▶ DATA EXTRACT
******************************

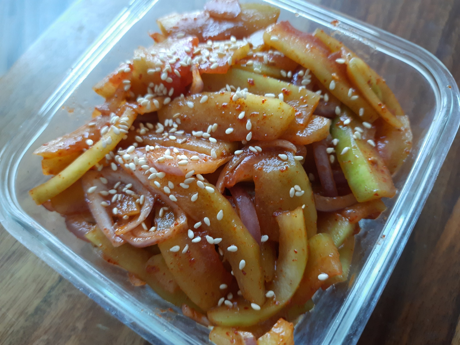 Esta receta transforma la cáscara de sandía, que a menudo se descarta, en una deliciosa ensalada llena de beneficios para la salud. Se sabe que la cáscara de sandía es rica en compuestos beneficiosos que ayudan a la circulación sanguínea y promueven efectos diuréticos. Siguiendo esta receta, podrás disfrutar de un acompañamiento crujiente, dulce y ácido. Es deliciosa para comer inmediatamente, como un kimchi fresco, pero sabe aún mejor si se deja reposar unos días.
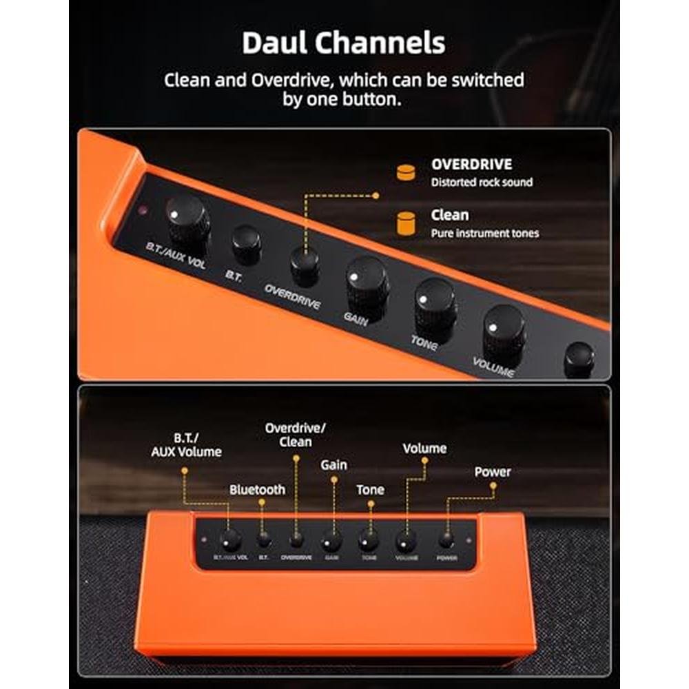 - Two Tone Channels: LEKATO GA-02 Mini Guitar Amp has two effect channels(Clean/Distortion), which can be switched by one button. You can choose different tones by adjusting "GAIN" and "TONE" to play different styles of music. You can adjust the VOLUME knob to adjust your desired volume.
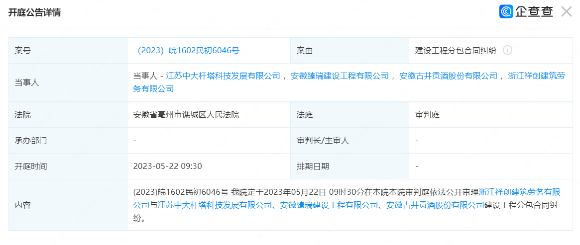 大公快消讯 据企查查消息,浙江祥创建筑劳务有限公司起诉安徽古井贡酒股份有限公司、江苏中大杆塔科技发展有限公司、安徽臻瑞建设工程有限公司建设工程分包合同纠纷,将于5月22日9时30分在安徽省亳州市谯城区人民法院开庭。
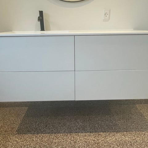 Badeværelsesmøbel fra Svane med integreret vask og hvid bordplade samt skuffemoduler i trælook med push-open. Møblet er væghængt og består af en sektion med vask og opbevaringsskuffe samt en tilstødende lavere sektion med hvid topplade, der kan bruges som siddeplads eller ekstra afsætningsplads. Velegnet til montering på badeværelse, hvor der ønskes kombination af opbevaring og bordplads omkring håndvasken.

******************************

▶ BRIEF
Please ensure that the data above is repeated exactly, with no pictures in the copy.

▶ OUTPUT BELOW
 Esta receta transforma la cáscara de sandía, que a menudo se descarta, en una deliciosa ensalada llena de beneficios para la salud. Se sabe que la cáscara de sandía es rica en compuestos beneficiosos que ayudan a la circulación sanguínea y promueven efectos diuréticos. Siguiendo esta receta, podrás disfrutar de un acompañamiento crujiente, dulce y ácido. Es deliciosa para comer inmediatamente, como un kimchi fresco, pero sabe aún mejor si se deja reposar unos días.
 - Two Tone Channels: LEKATO GA-02 Mini Guitar Amp has two effect channels(Clean/Distortion), which can be switched by one button. You can choose different tones by adjusting "GAIN" and "TONE" to play different styles of music. You can adjust the VOLUME knob to adjust your desired volume.
 大公快消讯 据企查查消息,浙江祥创建筑劳务有限公司起诉安徽古井贡酒股份有限公司、江苏中大杆塔科技发展有限公司、安徽臻瑞建设工程有限公司建设工程分包合同纠纷,将于5月22日9时30分在安徽省亳州市谯城区人民法院开庭。
 Badeværelsesmøbel fra Svane med integreret vask og hvid bordplade samt skuffemoduler i trælook med push-open. Møblet er væghængt og består af en sektion med vask og opbevaringsskuffe samt en tilstødende lavere sektion med hvid topplade, der kan bruges som siddeplads eller ekstra afsætningsplads. Velegnet til montering på badeværelse, hvor der ønskes kombination af opbevaring og bordplads omkring håndvasken.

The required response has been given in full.